In his rich Apostolic Exhortation the Joy of the Gospel, Pope Francis opens:

“I invite all Christians, everywhere, at this very moment, to a renewed personal encounter with Jesus Christ, or at least an openness to letting him encounter them; . . . No one should think that this invitation is not meant for him or her, since ‘no one is excluded from the joy brought by the Lord.’” (# 3).  
We are all invited. The disciples’ hearts were open because Jesus gently walked with them and patiently accepted without judgment where they were then led them to see more. Finally, they saw him and ran back to Jerusalem – to the Church.

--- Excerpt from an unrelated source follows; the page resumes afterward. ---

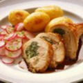 500 г филе индейки 1 сладкий красный перец 1 яйцо 100 г брынзы 2 ст. л. растительного масла 2 ст. л. сливочного масла или маргарина 4-8 маслин без косточек 2 ч. л. нарезанной зелени майорана 3 ст. л. панировочных сухарей соль, перец Надрезать филе индейки и подготовить фарш. Он представляет собой следующую смесь: хорошо перемешанная размятая брынза с мелко нарезанными маслинами и перцем. Далее мясо наполнить фаршем, закрепить тиками или с помощью зубочисток. После чего необходимо взбить яйцо, посолить, поперчить, смешать с зеленью и обвалять в нем мясо. Затем запанировать его сухарями. Полученный полуфабрикат обжарить на сковороде в сливочном и растительном масле, положить в духовку и тушить на несильном огне полчаса.

This is evangelization.  To accept the invitation offered to every one of us for a renewed encounter with Jesus Christ.  In Word and Sacrament we see him.  In the face of one another we are invited to see him – especially in the poor and those who are discouraged.
Try this.  Look into the face of an infant in arms and I dare you to not see the face of God! How blind can we be at times?  God saves us from discouragement and our own self-absorption.

The Church which ‘goes forth’ is a community of missionary disciples
Who take the first step, . . .an evangelizing community
knows that the Lord has taken the initiative, he has loved us first
and therefore we can move forward, boldly take the initiative,
go out to others, seek those who have fallen away,
stand at the crossroads and welcome the outcast.”